Does radiation therapy cause second cancers?

The link between radiation and cancer was confirmed many years ago through studies of the survivors of the atomic bombs in Japan, the exposures of workers in certain jobs, and patients treated with radiation therapy for cancer and other diseases.

Some cases of leukemia are related to past radiation exposure. Most develop within a few years of exposure, with the risk peaking at 5 to 9 years, and then slowly declining. Other types of cancer that develop after radiation exposure have been found to take much longer to show up. These are solid tumor cancers, like breast or lung cancer. Most are not seen for at least 10 years after radiation exposure, and some are diagnosed even more than 15 years later.
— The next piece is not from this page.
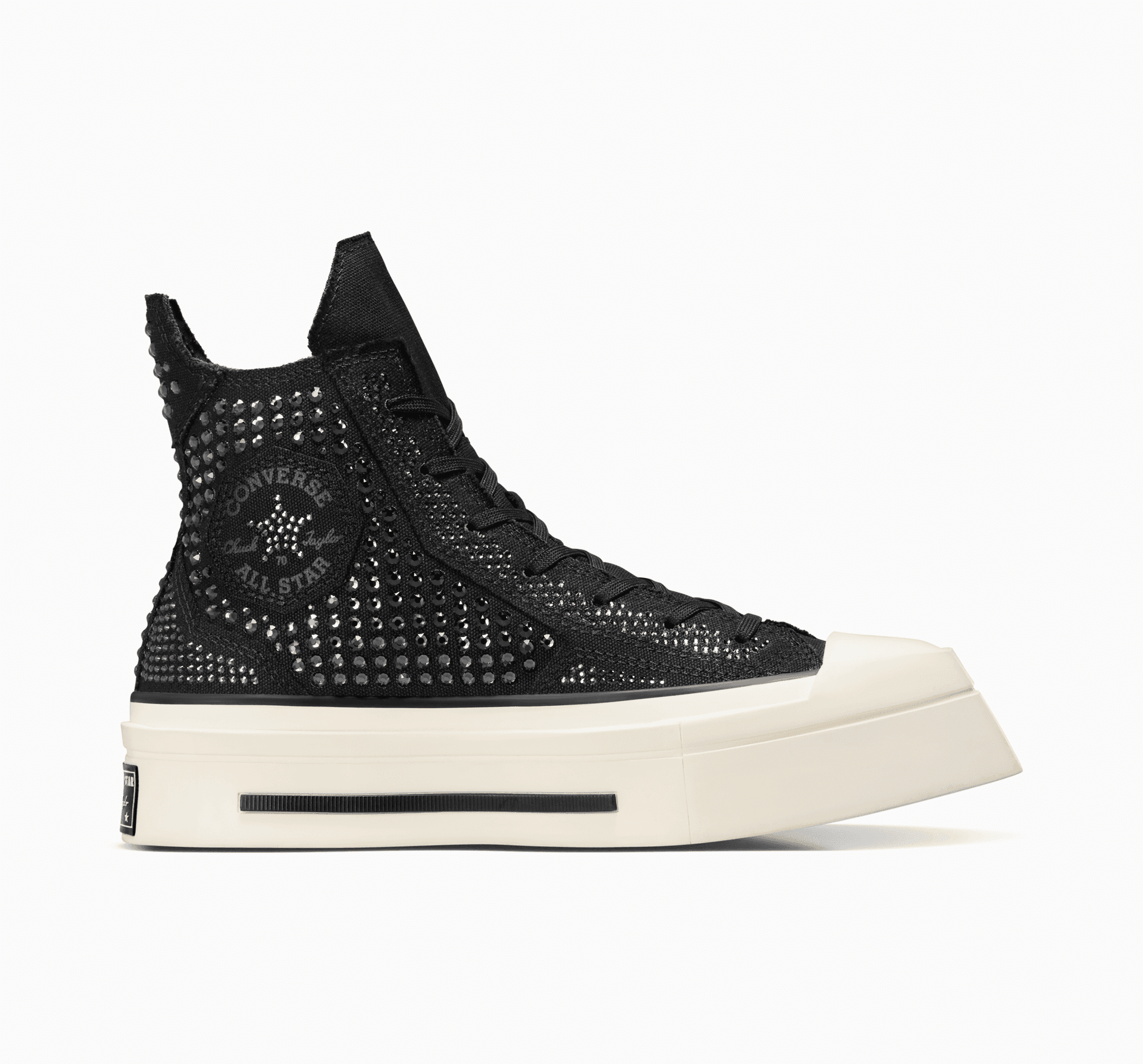 Predstavujeme luxusný model Converse De Luxe Squared s kryštálmi Swarovski®, odvážne hranaté vyjadrenie prémiových Converse Chuck 70 zdobené viac ako tisíckou kryštálov Swarovski®. Fazetové tvary hranatej špičky, očiek a ikonickej nášivky Chuck Taylor All Star dopĺňajú geometrické tvary kryštálov Swarovski®.

Radiation therapy techniques have steadily improved over the last few decades. Treatments now target the cancers more precisely, and more is known about setting radiation doses. These advances are expected to reduce the number of secondary cancers that result from radiation therapy. Overall, the risk of second cancers is low and must be weighed against the benefits gained with radiation treatments.

To learn more about this, see Second Cancers in Adults.

The American Cancer Society medical and editorial content team
Our team is made up of doctors and master’s-prepared nurses with deep knowledge of cancer care as well as journalists, editors, and translators with extensive experience in medical writing.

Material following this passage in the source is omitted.